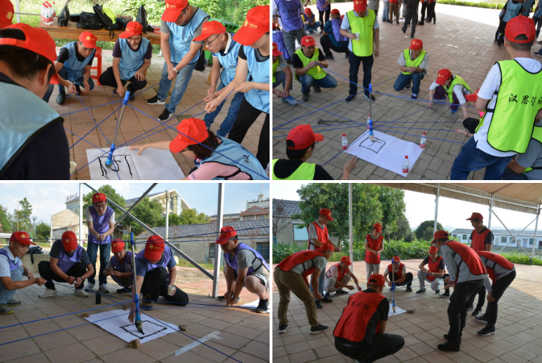 鑒于此次活動(dòng)的參與人員跨部門(mén)、跨專(zhuān)業(yè)、跨層級(jí),為保證所有人員的迅速融入,在隨機(jī)分成4組后,進(jìn)行了“解手環(huán)”等兩個(gè)簡(jiǎn)單活動(dòng)的預(yù)熱,讓小組成員之間迅速的熟悉起來(lái),為后續(xù)的團(tuán)隊(duì)組建及文化展示奠定了良好的基礎(chǔ)。4組隊(duì)伍在創(chuàng)建團(tuán)隊(duì)隊(duì)名、口號(hào)、隊(duì)標(biāo)及基本隊(duì)伍操練后,進(jìn)行了士氣昂揚(yáng)的團(tuán)隊(duì)展示。
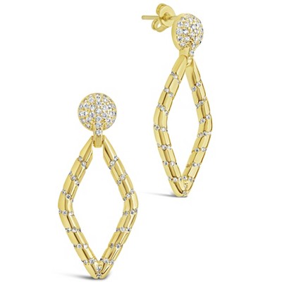 Turn heads with this striking, glamorous pair! You'll feel like a starlet in these open diamond-shaped drop studs with gleaming CZ stones. Available in gold and silver tones.
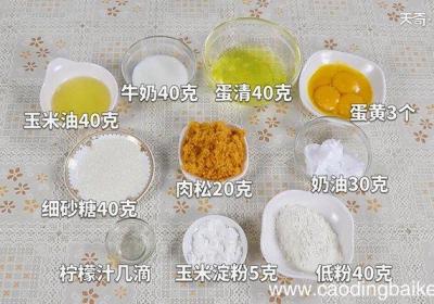 发布时间: 14小时前步骤1准备食材:低粉40克、玉米淀粉5克、奶油30克、肉松20克、牛奶40克、蛋黄3个、蛋清40克、玉米油40克、细砂糖40克、柠檬汁几滴 。步骤2碗中倒入牛奶,加入玉米油、10克细砂糖,混合均匀,搅拌成乳白状 。步骤3再加入蛋黄,搅拌均匀...
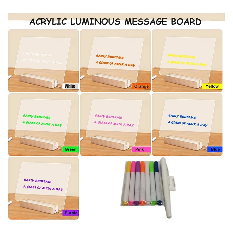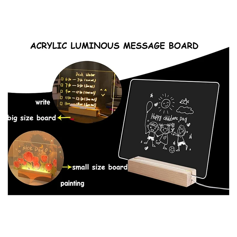 El producto incluye tablero acrílico de 11,8x7,87 pulgadas y 7,87x7,87 pulgadas, base de madera luminosa, que se puede quitar.
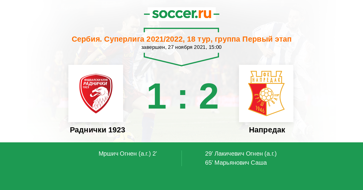 29' (1:1) Автогол Лакичевич Огнен (3)
######
| Required work |
Would you set down each line of the data exactly, with no images included?

| Solution for this problem |
 鑒于此次活動(dòng)的參與人員跨部門(mén)、跨專(zhuān)業(yè)、跨層級(jí),為保證所有人員的迅速融入,在隨機(jī)分成4組后,進(jìn)行了“解手環(huán)”等兩個(gè)簡(jiǎn)單活動(dòng)的預(yù)熱,讓小組成員之間迅速的熟悉起來(lái),為后續(xù)的團(tuán)隊(duì)組建及文化展示奠定了良好的基礎(chǔ)。4組隊(duì)伍在創(chuàng)建團(tuán)隊(duì)隊(duì)名、口號(hào)、隊(duì)標(biāo)及基本隊(duì)伍操練后,進(jìn)行了士氣昂揚(yáng)的團(tuán)隊(duì)展示。
 Turn heads with this striking, glamorous pair! You'll feel like a starlet in these open diamond-shaped drop studs with gleaming CZ stones. Available in gold and silver tones.
 发布时间: 14小时前步骤1准备食材:低粉40克、玉米淀粉5克、奶油30克、肉松20克、牛奶40克、蛋黄3个、蛋清40克、玉米油40克、细砂糖40克、柠檬汁几滴 。步骤2碗中倒入牛奶,加入玉米油、10克细砂糖,混合均匀,搅拌成乳白状 。步骤3再加入蛋黄,搅拌均匀...
 El producto incluye tablero acrílico de 11,8x7,87 pulgadas y 7,87x7,87 pulgadas, base de madera luminosa, que se puede quitar.
 29' (1:1) Автогол Лакичевич Огнен (3)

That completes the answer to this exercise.